After several Iraqi artists removed their work from the 12th Berlin Biennale in protest of the exhibition’s display of works featuring images of torture taking place at Iraq’s Abu Ghraib prison, the Biennale’s curator, Kader Attia, and his team today issued a statement on the matter. “We believe in dialogue and value the relationships we have with all artists taking part in the Berlin Biennale very much,” wrote the group. “We are still interested in working through the controversy and will remain open to a dialogue. We think the issues at stake are highly important and would therefore like to invite the parties involved to speak about them in a public discussion.”
Sajjad Abbas, Layth Kareem, and Rayad Mutar on August 16 asked that their work be removed from the Biennale following the July 29 publication in Artforum online of a letter written by curator and artist Rijin Sahakian and cosigned by more than four hundred artists, among them the three Biennale participants who ultimately pulled their work. Abbas, Kareem, Mutar, and Sahakian, supported by their peers, took issue with the placement of their work in proximity with Jean-Jacques Lebel’s 2013 Poison soluble. Scènes de l’occupation américaine à Bagdad (Soluble Poison. Scenes from the American Occupation in Baghdad), which comprises life-size images of Iraqi prisoners who were tortured and murdered by American troops at Abu Ghraib in the wake of the US-led occupation of Iraq. Though the work is accompanied by a trigger warning, visitors had to navigate it to see work by the Iraqi artists.
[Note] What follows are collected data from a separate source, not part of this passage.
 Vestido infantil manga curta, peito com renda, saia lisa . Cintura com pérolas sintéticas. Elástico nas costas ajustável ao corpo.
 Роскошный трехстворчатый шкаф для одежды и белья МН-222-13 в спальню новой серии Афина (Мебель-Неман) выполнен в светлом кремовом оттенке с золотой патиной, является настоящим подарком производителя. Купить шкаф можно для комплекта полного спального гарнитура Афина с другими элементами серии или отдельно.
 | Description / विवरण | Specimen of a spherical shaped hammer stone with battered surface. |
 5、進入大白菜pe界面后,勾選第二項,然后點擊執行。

“This edition of the Biennale is said to be centered on decolonial engagement, to offer ‘repair… as a form of agency’ and ‘a starting point . . for critical conversation, in order to find ways together to care for the now,’” Sahakian wrote, referring to the Biennale’s curatorial statement. “Yet the Biennale made the decision to commodify photos of unlawfully imprisoned and brutalized Iraqi bodies under occupation, displaying them without the consent of the victims and without any input from the Biennale’s participating Iraqi artists, whose work was adjacently installed without their knowledge. Who is given agency in this form of ‘repair’?”
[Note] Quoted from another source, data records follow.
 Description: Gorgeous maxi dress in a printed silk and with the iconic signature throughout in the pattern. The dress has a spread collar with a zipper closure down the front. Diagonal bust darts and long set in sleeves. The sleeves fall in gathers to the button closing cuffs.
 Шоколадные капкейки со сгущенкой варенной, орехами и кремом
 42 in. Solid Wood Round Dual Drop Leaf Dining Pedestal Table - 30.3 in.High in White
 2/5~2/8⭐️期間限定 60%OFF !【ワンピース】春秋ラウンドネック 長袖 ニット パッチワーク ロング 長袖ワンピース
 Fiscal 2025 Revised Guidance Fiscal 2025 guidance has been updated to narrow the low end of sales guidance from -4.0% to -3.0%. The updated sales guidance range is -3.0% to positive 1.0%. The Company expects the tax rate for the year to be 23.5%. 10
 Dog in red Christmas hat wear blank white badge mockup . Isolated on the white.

Attia and his team offered a response in Artforum which can be viewed in full immediately underneath Sahakian’s letter, in which he asserted that the Biennale’s curatorial team “deemed it important not to indulge the impulse to turn a blind eye to a very recent imperialist crime—a crime conducted under military occupation that was quickly brushed under the rug with the intention of prompting a swift forgetting,” noting that “this is how imperialism fabricates its impunity.”
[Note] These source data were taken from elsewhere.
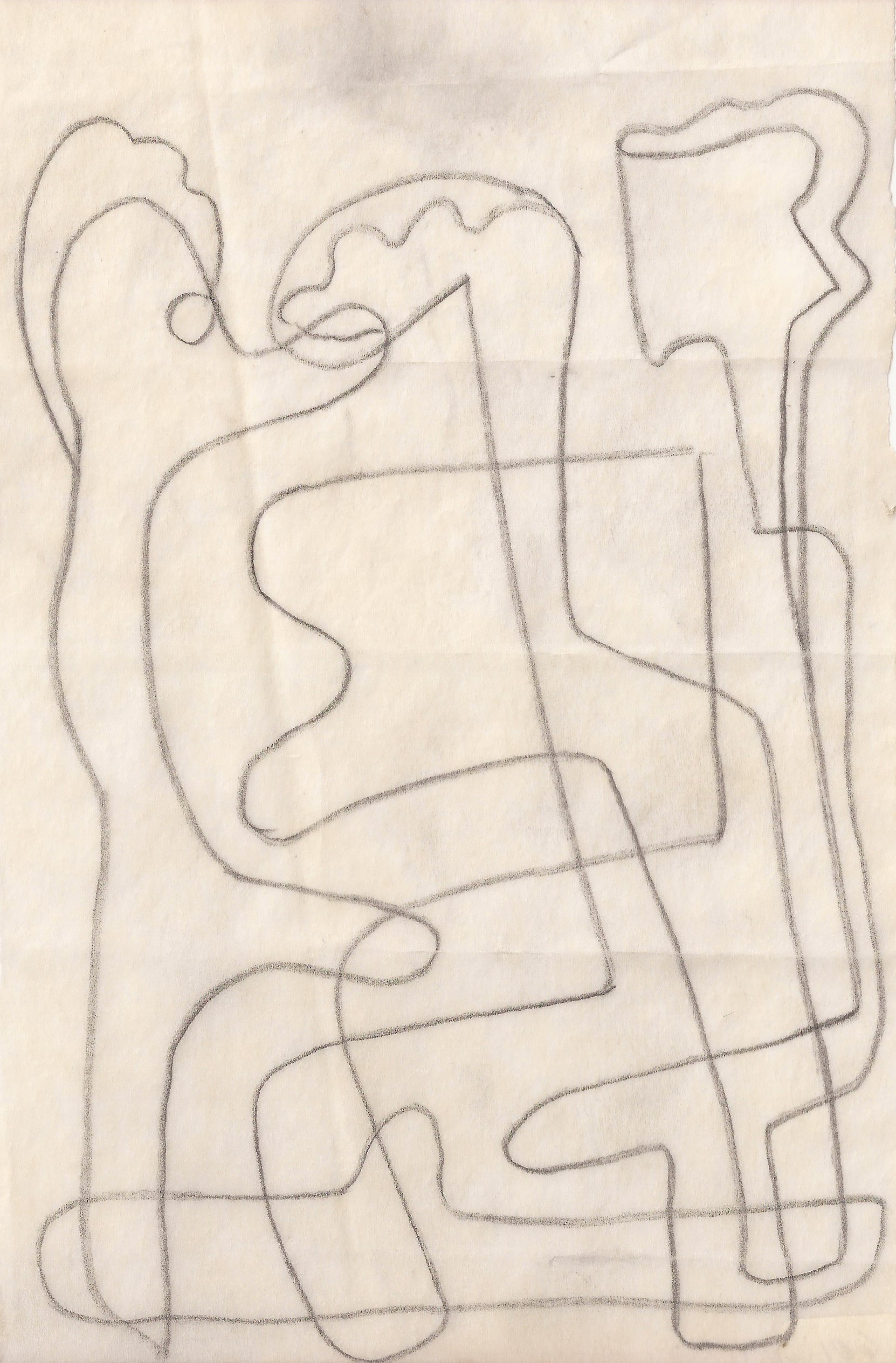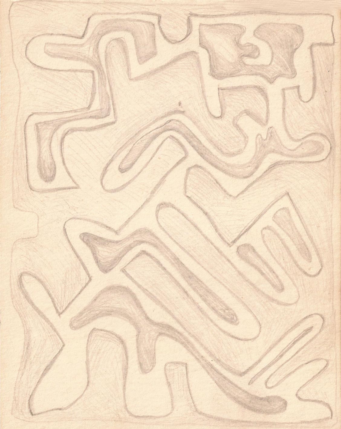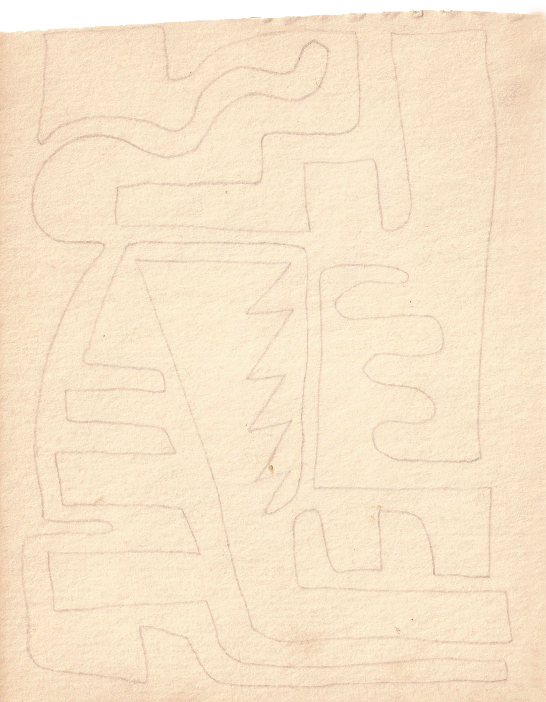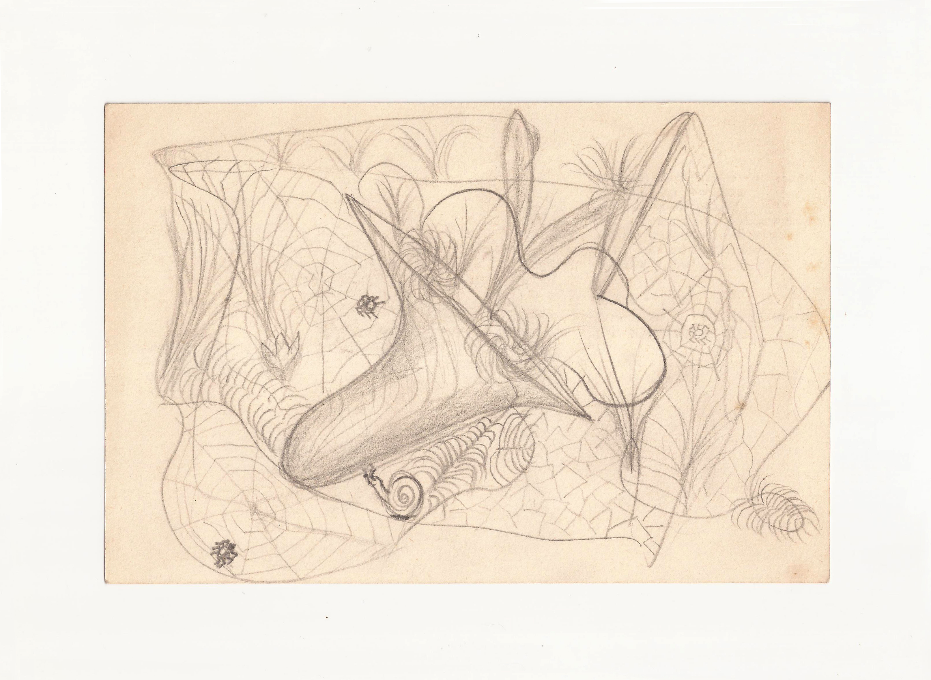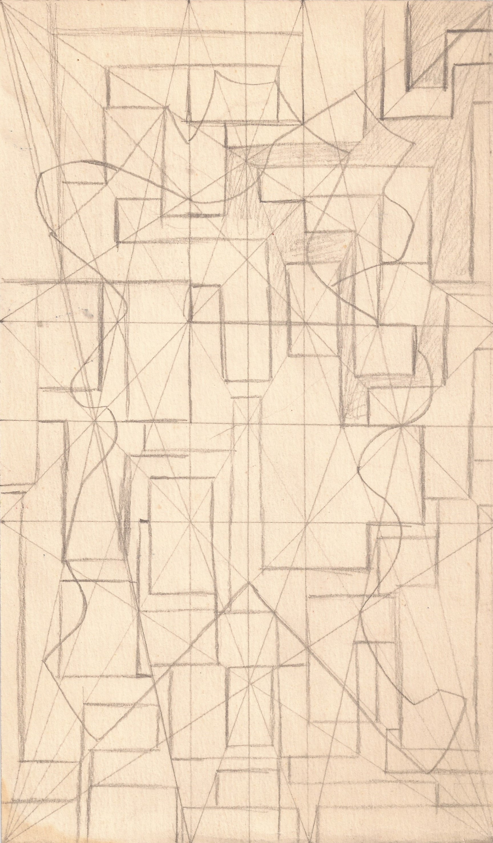 Abstracción, 1942, dibujo a lápiz sobre papel, 17 x 13.5 cm
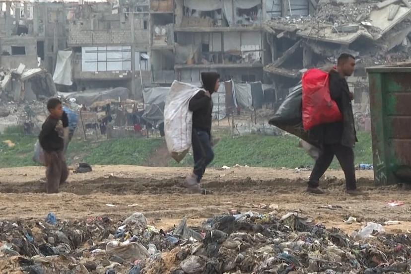 Kış koşulları Gazze Şeridi’ni sert vuruyor; Han Yunus’un Muwasi bölgesinde aileler, ateş yakabilmek için plastik ve kağıt bulmak amacıyla çöpleri karıştırıyor.
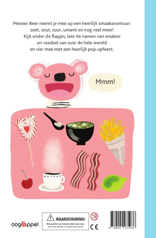 Zoet, zout, bitter, zuur… maar ook pittig, walgelijk, smaakloos… en zelfs de smaak van de kindertijd. Al deze smaken staan in Meneer Beer heeft honger, een zintuiglijk prentenboek om te leren hoe goed te eten.
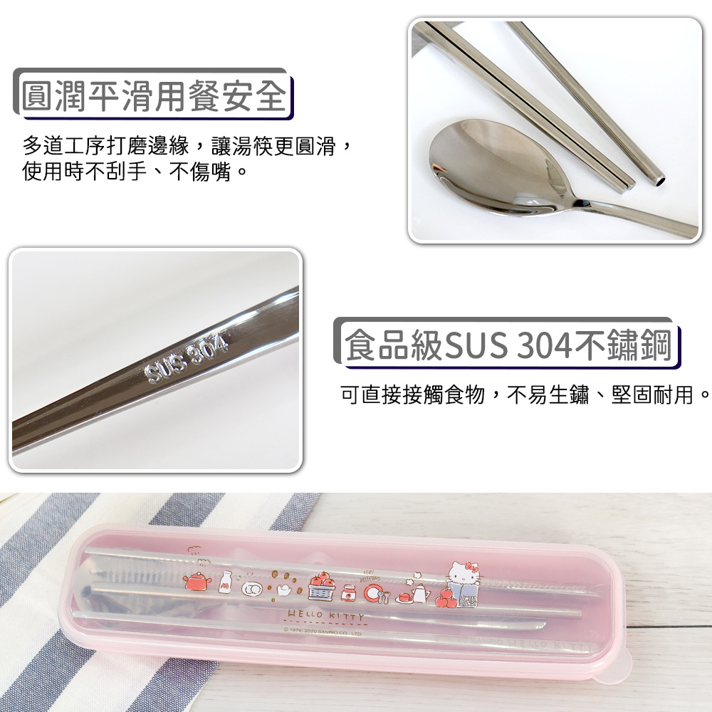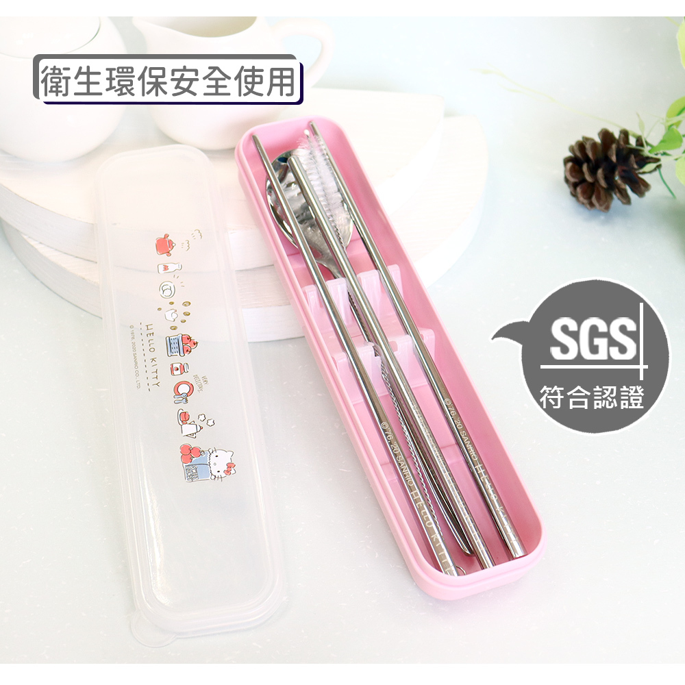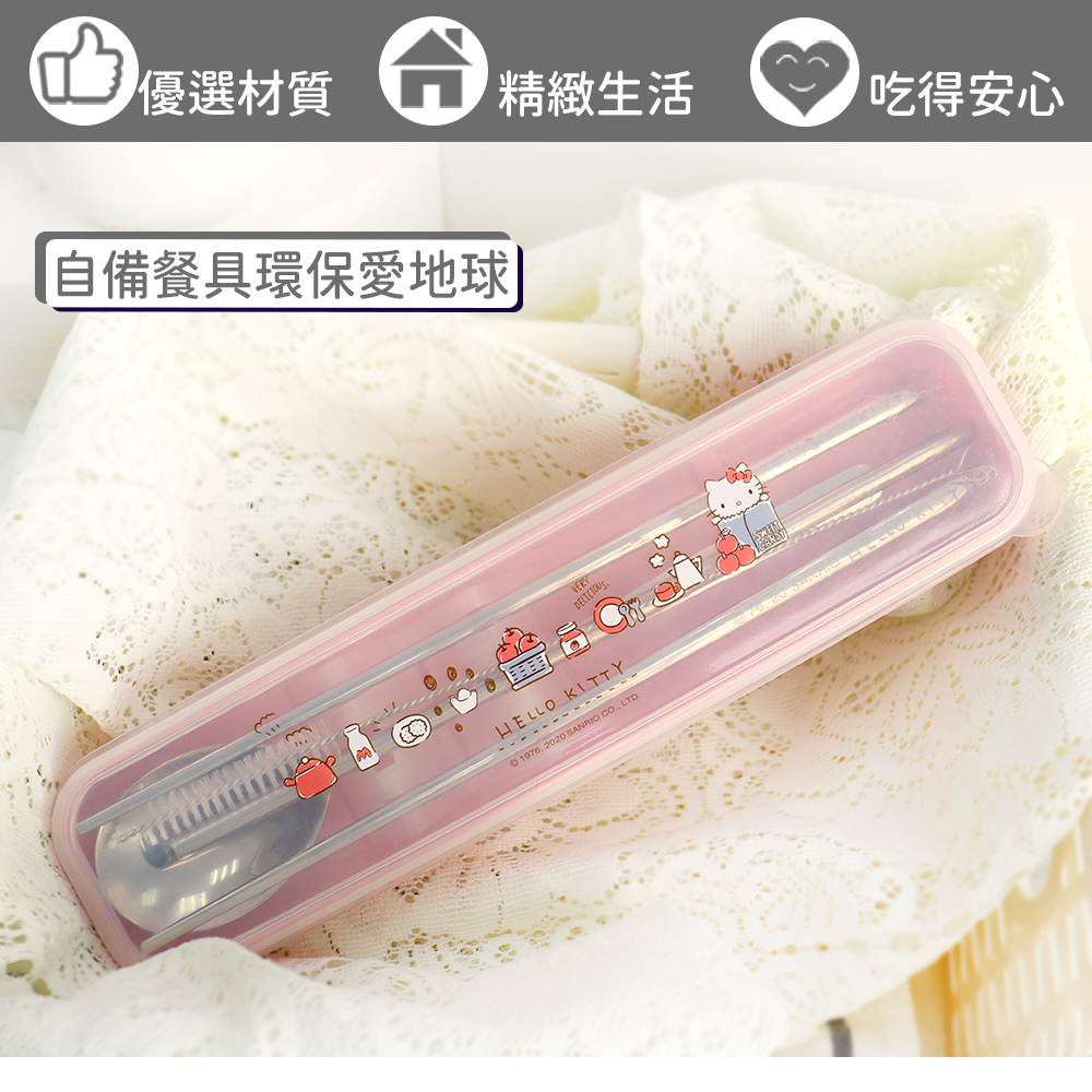 【Sanrio】三麗鷗 Hello kitty不鏽鋼環保餐具吸管5件組-蘋果款 KS-7210KA

The Biennale’s organizers that same day apologized for the placement of the Iraqi artists’ work and admitted that they had dragged their feet on moving the works elsewhere in the exhibition, as they ultimately did the contributions of Abbas and Mutar. Sahakian and the artists called the apology “paternalistic” and insincere, noting, “We have not been moved to accept the instrumentalization of our work and identities as Iraqi.” Abbas, Kareem, and Mutar then demanded the removal of their work from the Biennale altogether.
“We respect the artists’ decision, although we regret it very much,” wrote the Biennale’s organizers today, promising, “More information on this will follow soon.”